DATA TO PROCESS Block Start
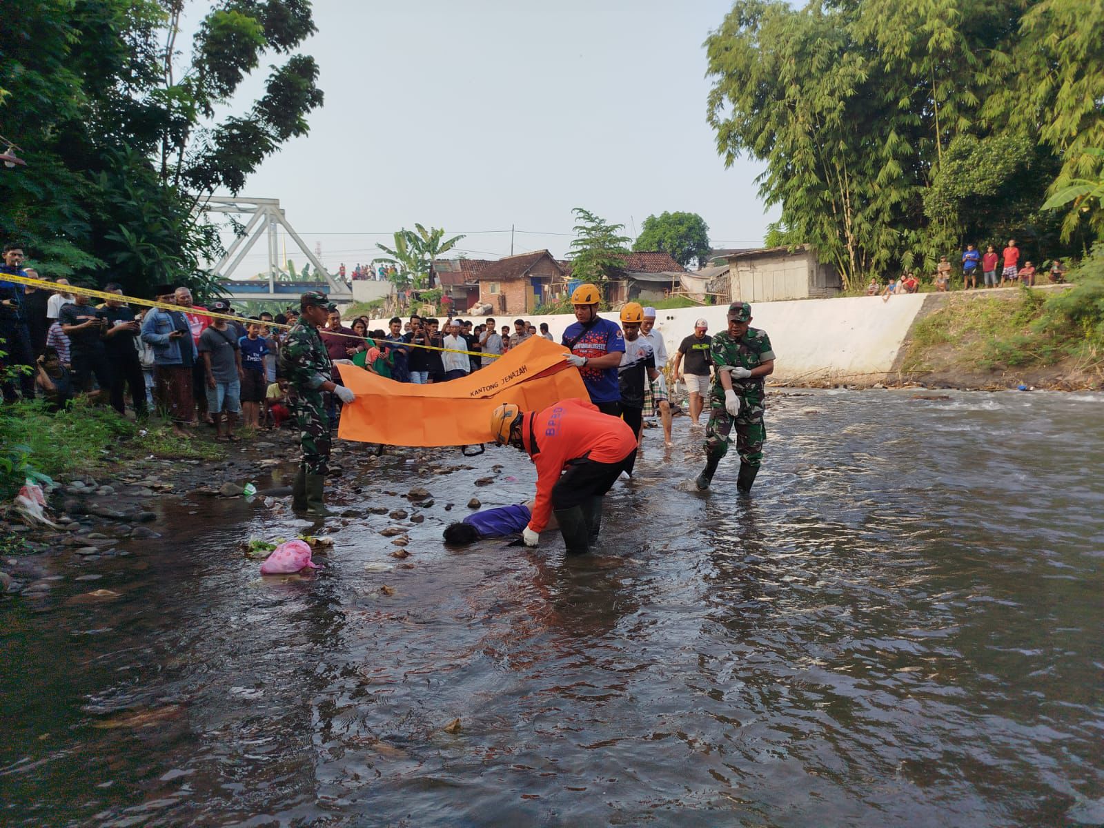 “Jadi setelah melihat mayat tersebut, warga langsung lapor ke saya dan memberitahukan bahwa ada mayat dengan jenis kelamin laki-laki, di sungai,” jelas Andre.
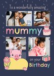Front of card: Featuring an illustration of Moonpig holding a heart with four photo frames on a blue background. Text reads: "To a wonderfully amazing mummy on your birthday".
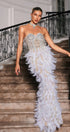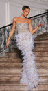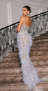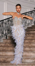 Vieby Straplez Taşlı Tüy Maxi Elbise
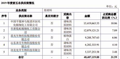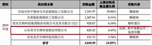 其中,招股書(shū)對(duì)美農(nóng)生物2019年度前五大供應(yīng)商的披露為:當(dāng)年度,美農(nóng)生物的前五大供應(yīng)商分別為河南開(kāi)封平煤神馬興化精細(xì)化工有限公司、阜新乾屹精細(xì)化工有限公司、晨光生物科技集團(tuán)股份有限公司及其關(guān)聯(lián)方、山東奔月生物科技股份有限公司(以下簡(jiǎn)稱“山東奔月”)、河北允升生物科技有限公司,公司向其采購(gòu)金額分別為1541.97萬(wàn)元、1207.91萬(wàn)元、 928.87萬(wàn)元、628.42萬(wàn)元、533.73萬(wàn)元,合計(jì)共采購(gòu)4840.90萬(wàn)元,合計(jì)采購(gòu)額的占比為34.09%(見(jiàn)圖一)。
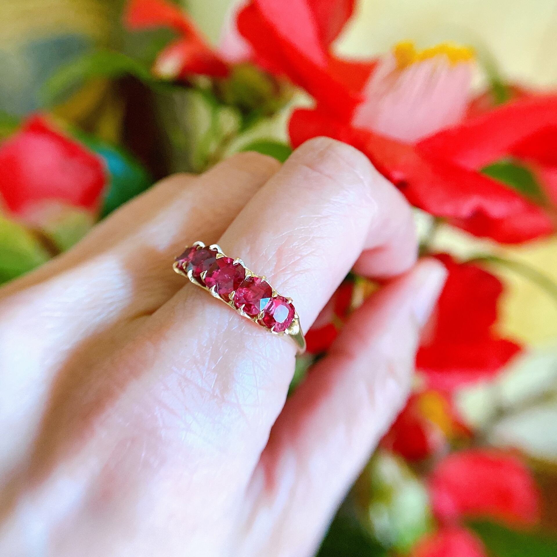 S様決済専用 非加熱ルビーファイブストーンヴィクトリアンリング(英国鑑定書付き)
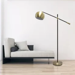 Drawing inspiration from mid-century modern designs, this sleek, arched floor lamp features an 8″ globe shaped shade and slender metal body for a minimalist touch. An antique brass finish brings elegance to any space. Place this lamp next to your work space or reading area for a pop of glamour and style while an adjustable shade offers optimal functionality as well.
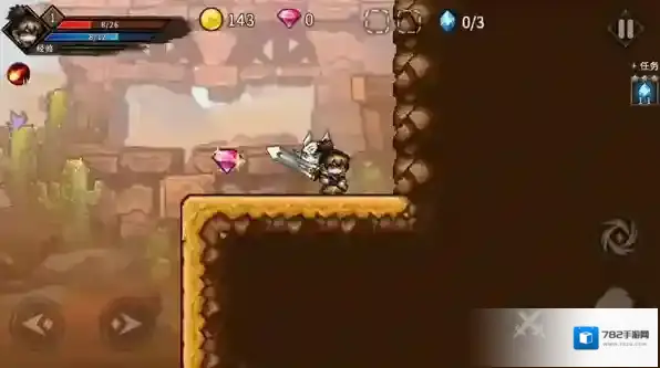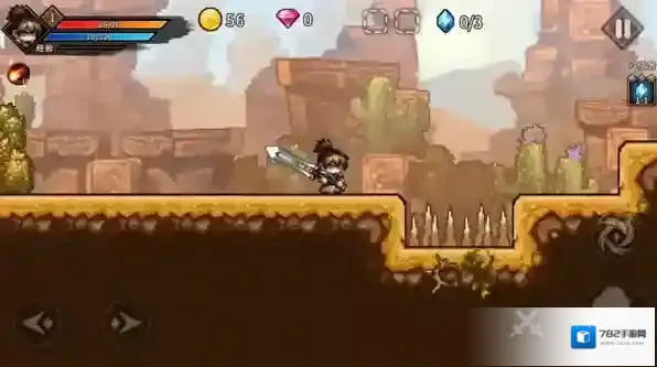 4、选好关卡后就会正式开始,正式开始后左边控制左右方向,右边是跳跃、普攻和技能按键。
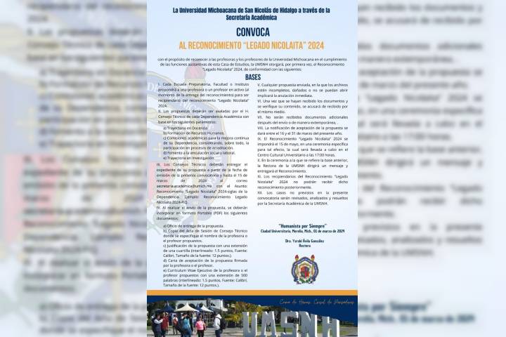 NOTICIAS 03/03/2024Por primera vez, la UMSNH entregará el Reconocimiento "Legado Nicolaita" Por primera ocasión, la Universidad Michoacana de San Nicolás de Hidalgo (UMSNH) entregará el Reconocimiento "Legado Nicolaita" 2024, como una forma de reconocer a las profesoras y profesores en el cumplimiento de las funciones sustantivas de la institución.
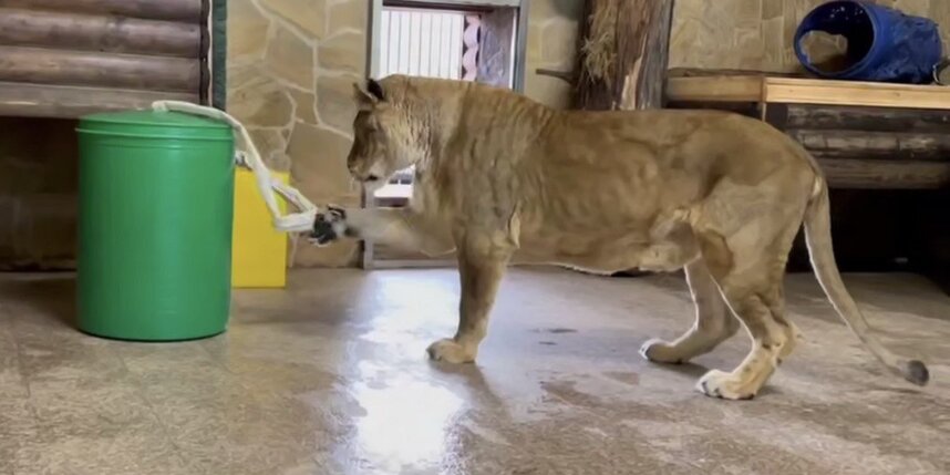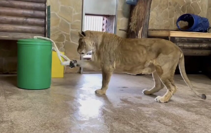 "Тася не стала терять время и сразу принялась исследовать новую игрушку", – сообщает пресс-служба зоопарка. К исследованию необычного предмета ненадолго присоединился и лев Адам, но вскоре вежливо уступил место виновнице торжества.
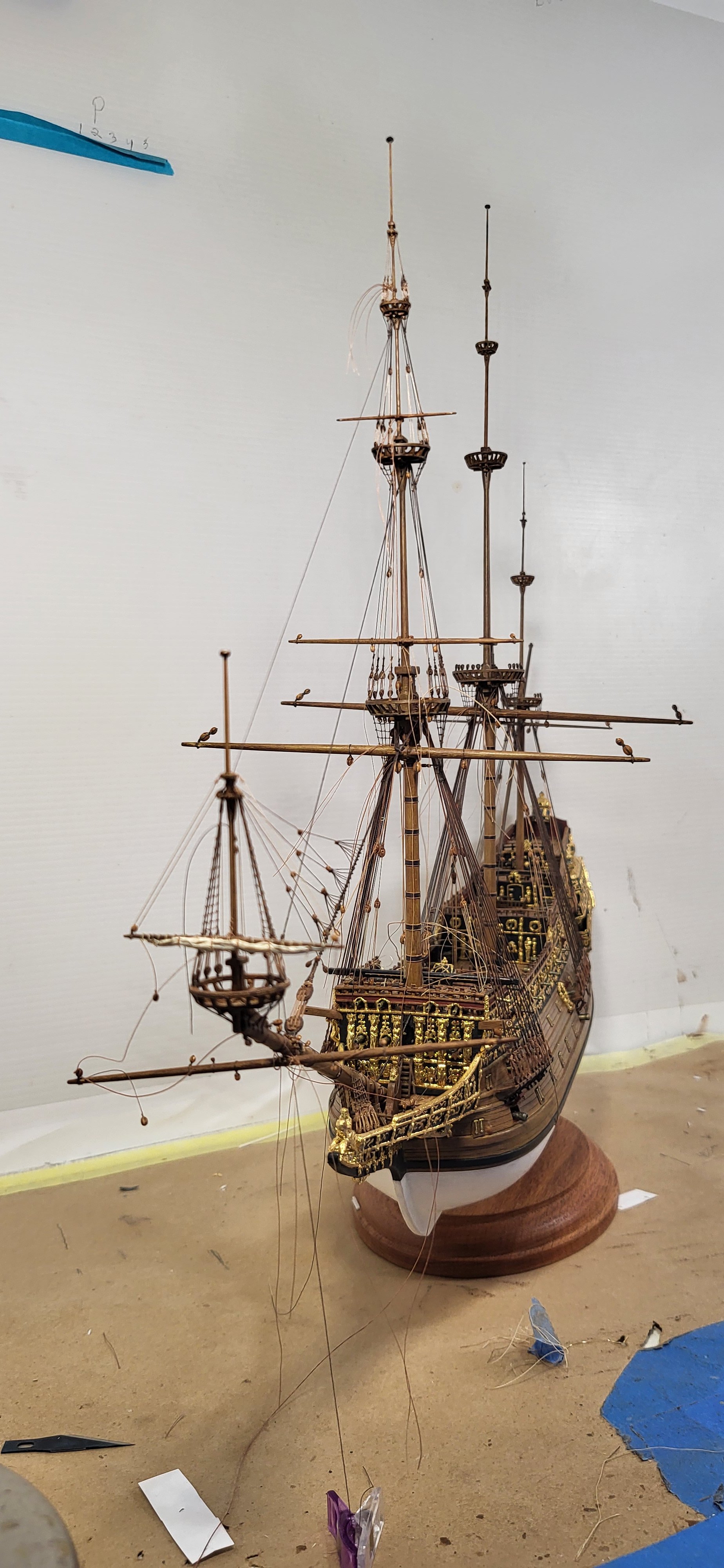 I haven't had a lot of time for my S.O.T.S but was able to complete a few steps, the topmast shrouds, burton pendants and the falls, topsail yard and blocks, parrel and securing the top rope, far from perfect but looks okay and hope you enjoy the photos. Up next will be the topmast stay. Thanks for looking. Michael D.
DATA TO PROCESS Block End
WHAT IS EXPECTED:
After locating the line containing "Front of card: Featuring" in the entries above, return it and every line after it exactly, ending at the line containing "Vieby Straplez Taşlı Tüy Maxi Elbise", without pictures.

SOLUTION FOR THIS PROBLEM:
Front of card: Featuring an illustration of Moonpig holding a heart with four photo frames on a blue background. Text reads: "To a wonderfully amazing mummy on your birthday".
 Vieby Straplez Taşlı Tüy Maxi Elbise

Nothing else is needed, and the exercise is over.